Frank Grützner of the Australian National University in Canberra and his colleagues used fluorescent tags to study the animal's chromosomes. They were amazed to find that five separate pairs, which join together in a chain during cell division, determine an individual's sex.

"Mammals are pretty boring when it comes to sex chromosomes," says geneticist Steve Rozen of the Whitehead Institute for Biomedical Research in Cambridge, Massachusetts. "The platypus is a huge exception."

Like a bird

In humans, sex is determined by one pair of chromosomes: a woman has two X chromosomes, and a male has an X and a Y. One of the platypus's sex chromosome pairs contains units similar to these, but another resembles the ZZ/ZW sex chromosome system found in birds.

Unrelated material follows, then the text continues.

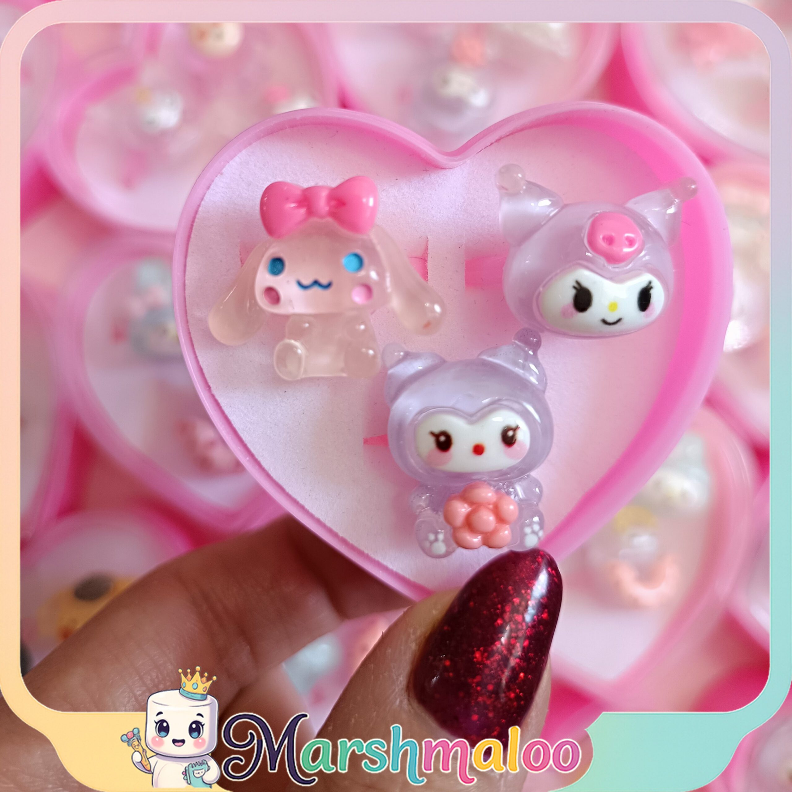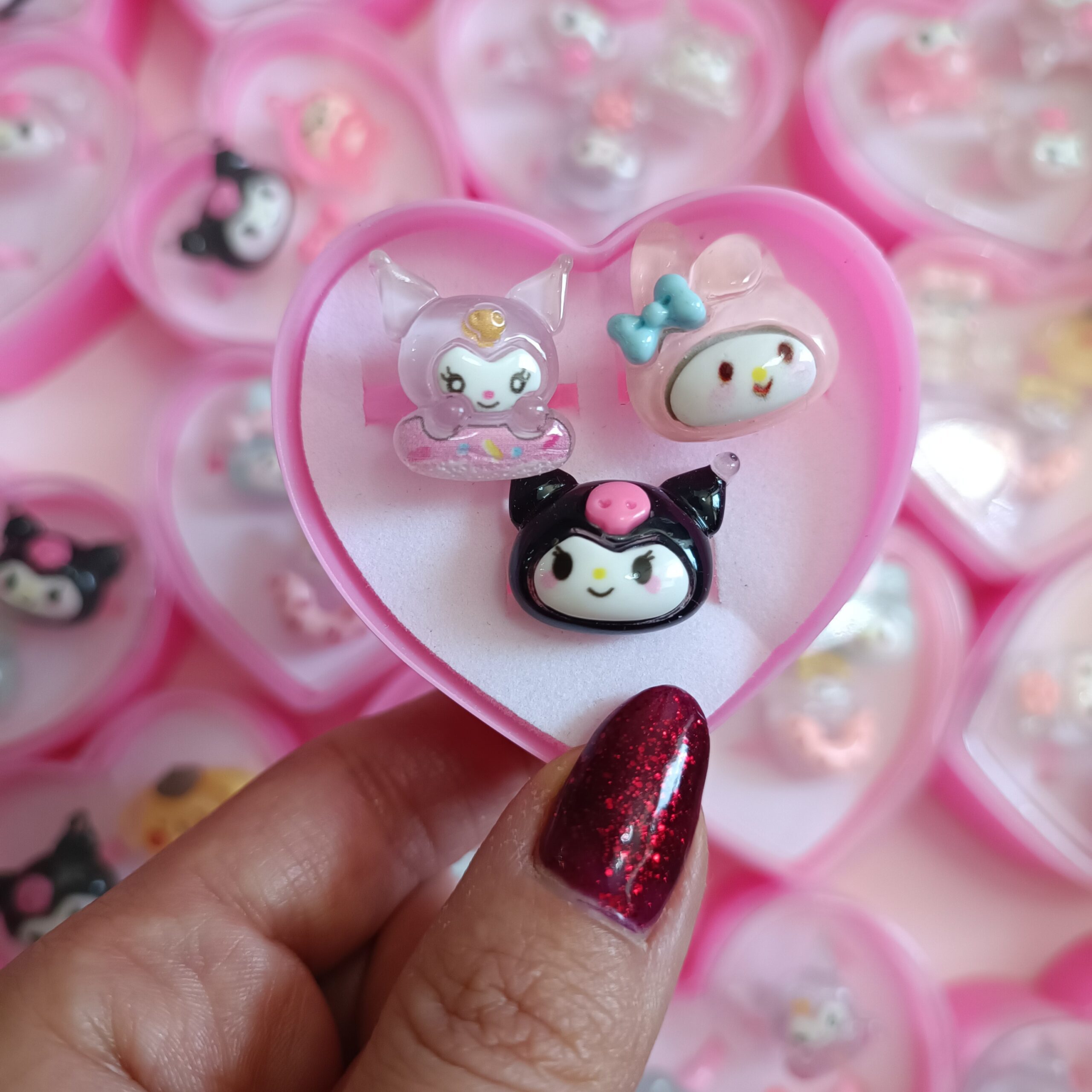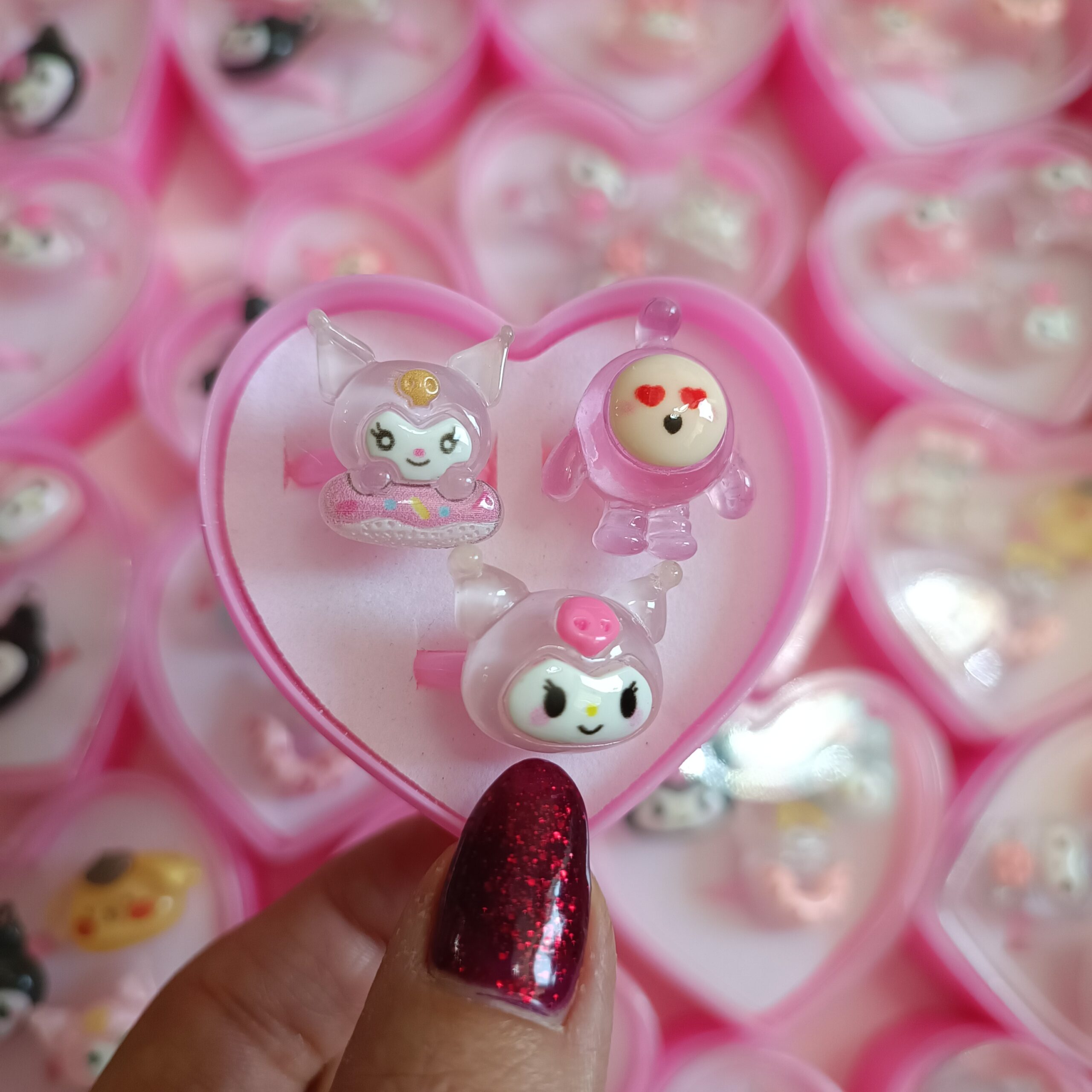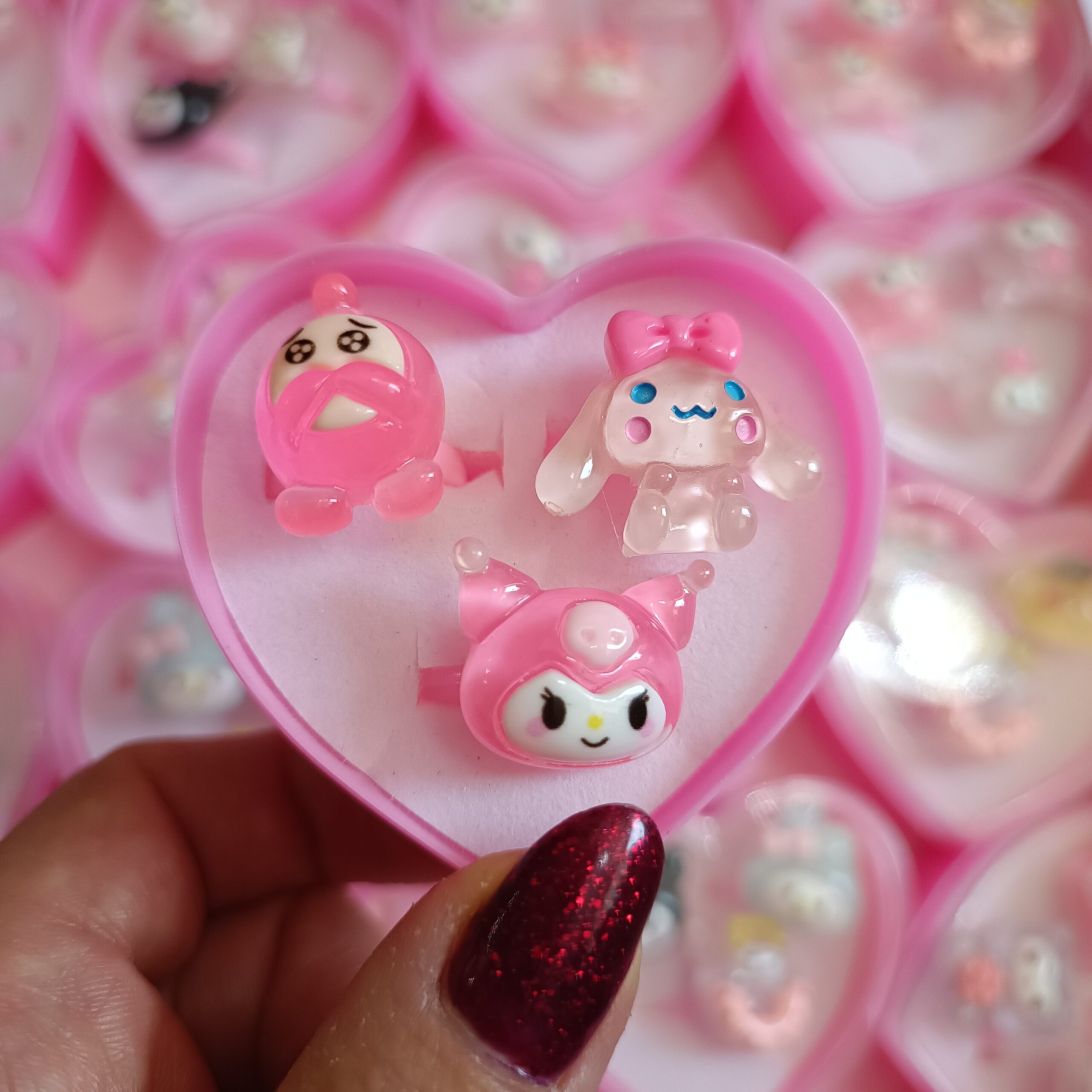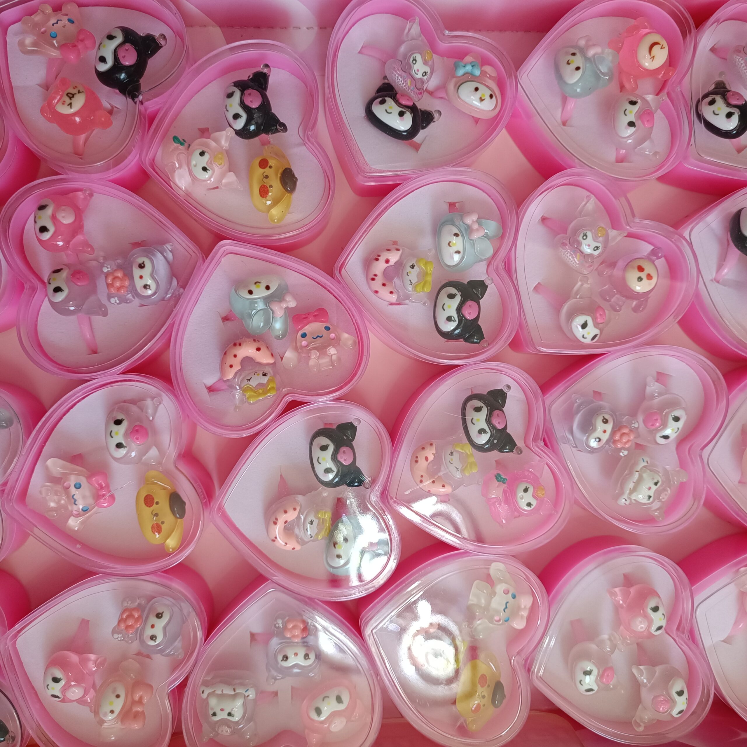 انگشترها در یک جعبه قلبی شفاف و صورتی رنگ قرار دارند که علاوه بر زیبایی، برای هدیه دادن یا نگهداری این کاراکترهای کوچک و دوستداشتنی ایدهآل است. اندازه آنها بهگونهای طراحی شده که برای دستان کودکان و نوجوانان مناسب باشد و به راحتی روی انگشت قرار میگیرد.
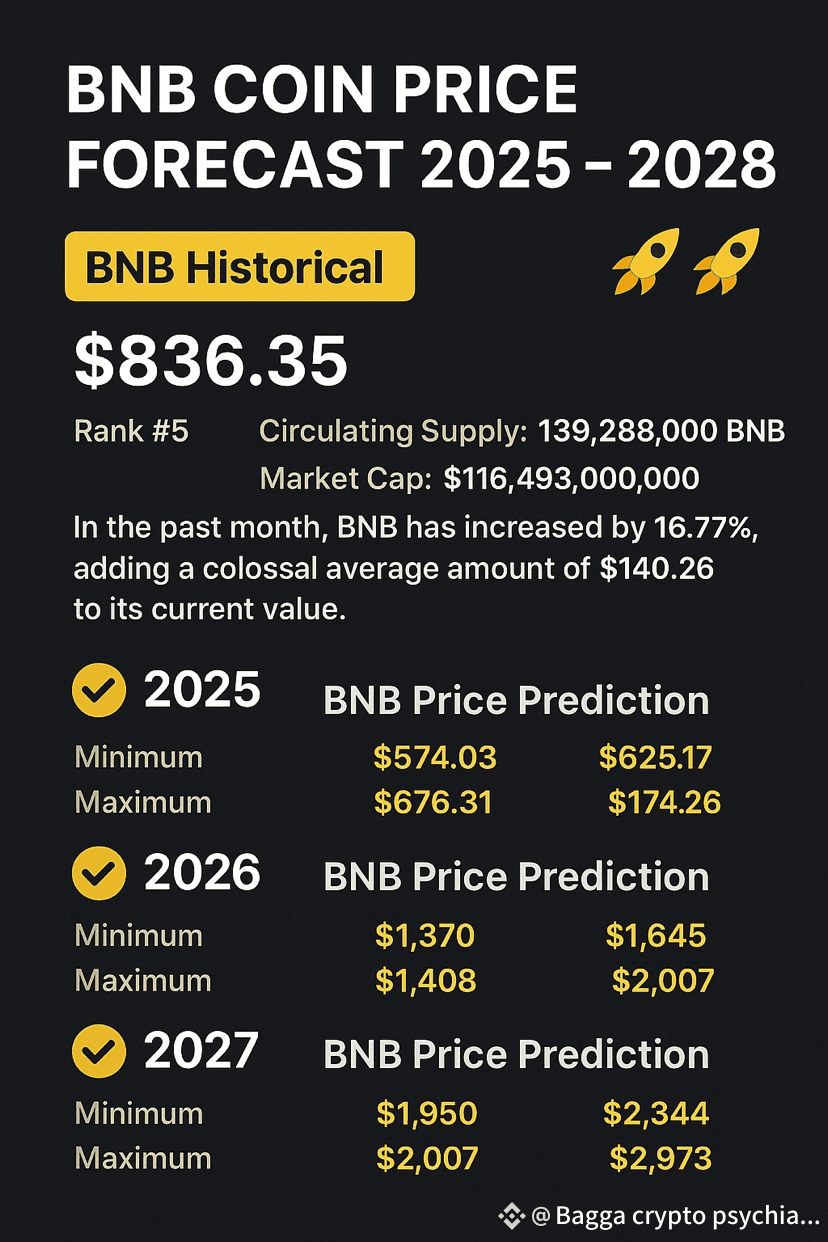 Currently, BNB is trading at $836.35, ranking #5 among all cryptocurrencies. With a circulating supply of 139,288,000 BNB, the token maintains a strong market capitalization of approximately $116.49 billion.

Bird and mammal sex chromosomes both evolved from autosomal chromosomes. But they evolved from different pairs in the two classes, so scientists had believed the systems arose separately.

But because the platypus system contains elements of both, it is possible that the two systems are related. The result "challenges the accepted view that mammal and bird sex chromosomes evolved independently", the researchers report online in Nature1. They now plan to study the two echidna species to see if they use the same system.

So what is the advantage of having so many sex chromosomes? "It's hard to speculate on how that could have evolved," says Rozen. Grützner's colleague Willem Rens from the University of Cambridge, UK, says he has an idea, but isn't ready to discuss it yet. The team's next findings are scheduled to appear in the Proceedings of the National Academy of Sciences.

References

  1. Grutzner F., et al. Nature, doi:10.1038/nature03021 (2004).